1. t8sr ◴[13 Apr 25 11:15 UTC] No.43671930[source]▶

When I did my 20% on Go at Google, about 10 years ago, we already had a semi-formal rule that channels must not appear in exported function signatures. It turns out that using CSP in any large, complex codebase is asking for trouble, and that this is true even about projects where members of the core Go team did the CSP.

If you take enough steps back and really think about it, the only synchronization primitive that exists is a futex (and maybe atomics). Everything else is an abstraction of some kind. If you're really determined, you can build anything out of anything. That doesn't mean it's always a good idea.

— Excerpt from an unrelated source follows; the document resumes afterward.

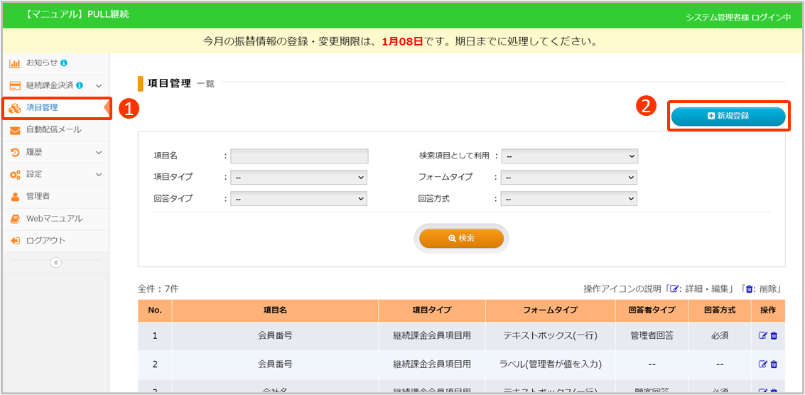 継続課金会員用で作成した項目は[会員管理-詳細]で編集ができます。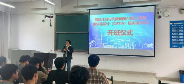本网讯  3月26日下午,机电学院第三期“数字化设计培训班”开班仪式在逸夫楼5203举行。工程图学教研室全体教师、24机械专业辅导员、第三期培训班学员及在2024年大学生先进成图技术与产品信息建模创新大赛取得优异成绩的前两期学员参加了开班仪式。

Looking back, I'd say channels are far superior to condition variables as a synchronized cross-thread communication mechanism - when I use them these days, it's mostly for that. Locks (mutexes) are really performant and easy to understand and generally better for mutual exclusion. (It's in the name!)

replies(5): >>43672034 #>>43672125 #>>43672192 #>>43672501 #>>43687905 #

2. throwaway150 ◴[13 Apr 25 11:41 UTC] No.43672034[source]▶

>>43671930 (TP) #

What is "20% on Go"? What is it 20% of?

replies(3): >>43672063 #>>43672064 #>>43672071 #

3. NiloCK ◴[13 Apr 25 11:44 UTC] No.43672063[source]▶

>>43672034 #

Google historically allowed employees to self-direct 20% of their working time (onto any google project I think).

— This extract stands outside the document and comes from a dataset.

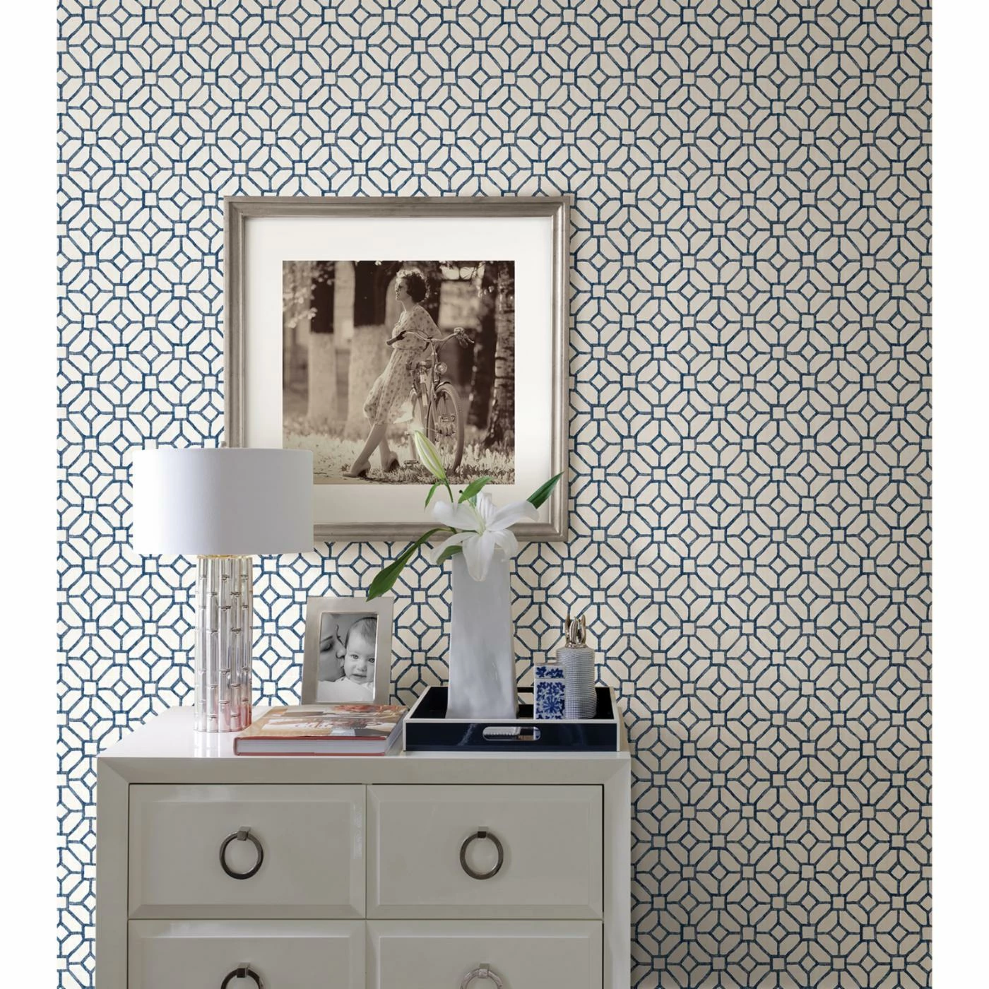 The Brewster Gigi Navy Geometric Wallpaper boasts a bold geometric pattern in navy blue over a softly-hued gray background. The linen texture gives this chic wallpaper depth and drama. Its charming design looks lovely in virtually any space of your modern home.

4. darkr ◴[13 Apr 25 11:44 UTC] No.43672064[source]▶

>>43672034 #

At least historically, google engineers had 20% of their time to spend on projects not related to their core role

replies(1): >>43672293 #

5. ramon156 ◴[13 Apr 25 11:46 UTC] No.43672071[source]▶

>>43672034 #

I assume this means "20% of my work on go" aka 1 out of 5 work days working on golang

6. dfawcus ◴[13 Apr 25 12:01 UTC] No.43672125[source]▶

>>43671930 (TP) #

How large do you deem to be large in this context?

I had success in using a CSP style, with channels in many function signatures in a ~25k line codebase.

It had ~15 major types of process, probably about 30 fixed instances overall in a fixed graph, plus a dynamic sub-graph of around 5 processes per 'requested action'. So those sub-graph elements were the only parts which had to deal with tear-down, and clean up.

There were then additionally some minor types of 'process' (i.e. goroutines) within many of those major types, but they were easier to reason about as they only communicated with that major element.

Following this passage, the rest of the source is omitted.